Gracefully handle new enum variants

The WorkOS API returns enums in a number of spots. In statically-typed languages, like Rust, we model the set of possible values within the type system.

Here's what that looks like for a ConnectionType:

#[derive(Debug, Clone, PartialEq, Eq, Serialize, Deserialize)]
pub enum ConnectionType {
    /// AD FS SAML.
    ///
    /// [WorkOS Docs: Integration Guide](https://workos.com/docs/integrations/adfs-saml)
    #[serde(rename = "ADFSSAML")]
    AdFsSaml,

    /// ADP OpenID Connect (OIDC).
    ///
    /// [WorkOS Docs: Integration Guide](https://workos.com/docs/integrations/adp-oidc)
    #[serde(rename = "ADPOIDC")]
    AdpOidc,

    // ...
}

This comes with the benefit of being able to see exactly which types of connections are available, but unfortunately there is a tradeoff: when new connection types are added within WorkOS upstream (which we do regularly) our ConnectionType enum won't support them.

So what do we do? Make everything String-ly typed?

Thankfully, there's a better solution; one which can give us the benefits of static types while still allowing us to deal with new variants.

Introducing the KnownOrUnknown type:

#[derive(Debug, Clone, PartialEq, Eq, Serialize, Deserialize)]
#[serde(untagged)]
pub enum KnownOrUnknown<K, U> {
    /// A known value.
    Known(K),

    /// An unknown value.
    Unknown(U),
}

This type allows us to represent a value that is either one of two possible types. For example, with a Connection we can say that the type of the connection is either a ConnectionType that we know about, or some unknown String:

#[derive(Debug, Clone, PartialEq, Eq, Serialize, Deserialize)]
pub struct Connection {
    // ...

    /// The type of the connection.
    #[serde(rename = "connection_type")]
    pub r#type: KnownOrUnknown<ConnectionType, String>,
}

If we were to get back "ADFSSAML" from the API, we would end up with a KnownOrUnknown::Known(ConnectionType::AdFsSaml). Likewise, if got back some new type like "BrandNewType" we would end up with a KnownOrUnknown::Unknown("BrandNewType").

Closing Thoughts

The first release of the WorkOS Rust SDK is now available on crates.io, with the repository being open-sourced soon.

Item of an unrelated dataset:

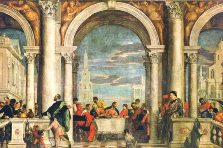 لوحة _العشاء في بيت ليفي_ لفيرونيزي (موسوعة الفن الكلاسيكي) ثقافة و فنون لوحات ابن البندقية فيرونيزي… جماليات الضخامة المفرطة by admin 24 مايو، 2025 written by admin 24 مايو، 2025 181 من فلسطين وتاريخها الديني العريق إلى الحكايات المقدسة مروراً بروعة العمران النهضوي اندبندنت عربية / إبراهيم العريس باحث وكاتب على بعد أمتار قليلة من المكان الذي علقت فيه تلك اللوحة التي يمكن اعتبارها أشهر لوحة في العالم، “الموناليزا” لليوناردو دا فنشي، في واحدة من أكثر صالات متحف “اللوفر” الباريسي شهرة، هناك لوحة كان من شأنها أن تكون، بدورها، واحدة من أشهر اللوحات في تاريخ الفن، بل كذلك واحدة من أضخم لوحات ذلك التاريخ، لولا أن موضوعاً دينياً هو الذي يطغى عليها، ولولا أنه حدث لها أن غابت عن الأنظار طوال ما يزيد على 10 أعوام حين كانت ترمم. وأيضاً، لولا أن الفنان الذي ابتدعها ليست له لا شهرة دا فنشي ولا مكانته في تاريخ الفن النهضوي. ومن هنا، فإنهم قلة أولئك الزائرون الذين قد يصلون إلى “اللوفر”، وفي بالهم أن يشاهدوا تلك اللوحة، لكنهم حين يشاهدونها، وغالباً لمجرد أنها تجاور “الموناليزا“، يذهلون إعجاباً ويتحولون، بين ليلة وضحاها، إلى بعض من غلاة المعجبين بها. واللوحة التي نتحدث عنها هنا هي، بالطبع، “عرس قانا الجليل” لرسام البندقية الكبير فيرونيزي، التي لا تقل مساحتها عن 67 متراً مربعاً، مما يجعلها واحدة من أضخم اللوحات إذا استثنينا الجداريات الضخمة المرسومة مباشرة على الجدران. ولعلنا لسنا، هنا، قادرين على أن نضيف كثيراً إلى ما سبق أن أشرنا إليه وفي هذه الزاوية بالذات، بصدد هذه اللوحة نفسها. غير أننا يمكن أن ننطلق منها، في حديث عن مبدعها يتناول سمة أساسية من تلك السمات التي تميز مبدعي الفنون النهضوية الإيطالية، وهي سمة تلوح أساسية في هذه اللوحة بالذات، وربما تكون هي ما يتبقى منها في بال مشاهدها حتى بعدما ينسى كثيراً من عناصرها الأخرى، وربما، بصورة خاصة، العنصر الديني. فيرونيزي (1528 – 1588) كما صور نفسه في لوحة له (متحف الأرميتاج) محلية المكان فحتى ولو أن موضوع “عرس قانا الجليل” موضوع ديني يعزز من صفته هذه كون اللوحة نفسها قد رسمت لحساب أحد أديرة منطقة البندقية عند منتصف القرن الـ16 تقريباً، وتحديداً بين عام 1562 والعام التالي له، من حول الموضوع الشهير المتعلق بذلك العرس الذي حضره السيد المسيح في شمال فلسطين، فإن العنصر الأساس هنا هو المكان، بل تحديداً هندسة المكان الذي صور فيرونيزي ذلك الحدث فيه. فنحن لسنا هنا، بأية حال من الأحوال لا في فلسطين الأعوام الأولى لولادة المسيحية، ولا في أية قرية فلسطينية على الإطلاق، بل نحن في إزاء هذه اللوحة في البندقية نفسها، بل حتى في البندقية المتخيلة متولدة عن خيال الرسام الذي كان هو نفسه، وكما حال العدد الأكبر والأساس من الفنانين النهضويين، مهندساً عمرانياً إلى جانب كونه رساماً، وفناناً دنيوياً إلى جانب كونه مطبوعاً بالحكايات الدينية وأساطير الأقدمين وحكايات التاريخ. يفيدنا جورجيو فازاري، الفنان ولكن أيضاً، الكاتب النهضوي الإيطالي، والذي كان، بدوره رساماً وعمرانياً إلى جانب كونه كاتباً مؤرخاً، كيف أن فيرونيزي (واسمه الحقيقي باولو كالياري، وهو من مواليد عام 1528 في مدينة فيرونا كما يدل اللقب الذي طغى على اسمه، فيرونيزي)، كان منذ بدايات انطلاقته الفنية في محترف معلمه دي كارباتشيو، مهتماً بهندسة المكان بقدر اهتمامه بسرد تلك الحكايات التي كانت العائلات البندقية الكبرى، ومسؤولو الأديرة والقصور يوصونه عليها، وذلك بالتحديد لأنه كان قد قرر منذ البداية أنه سيحترف الهندسة المعمارية، ولكن، أيضاً، لأن كارباتشيو نفسه كان لا يرى أن الفوارق كبيرة بين الرسم والعمران وأنهما معاً، إضافة إلى النحت طبعاً، تشكل نوعاً من إعادة الهندسة للمكان. ومن هنا، من الواضح أن فيرونيزي أسوة بالآخرين من رفاقه، كان يرى أن في إمكانه حين ينقل حكاياته من الكتب المقدسة أو من التاريخ غير الم

We're still finishing up the final details for a full release, like adding some example applications and code snippets to the WorkOS Docs.

I'm very pleased with how the SDK has turned out and hope that it makes some fellow Rustaceans feel that extra spark of joy while integrating with WorkOS.

This was just one of the many projects that were completed during this Hack Week and I'm sure we'll be sharing more of them soon.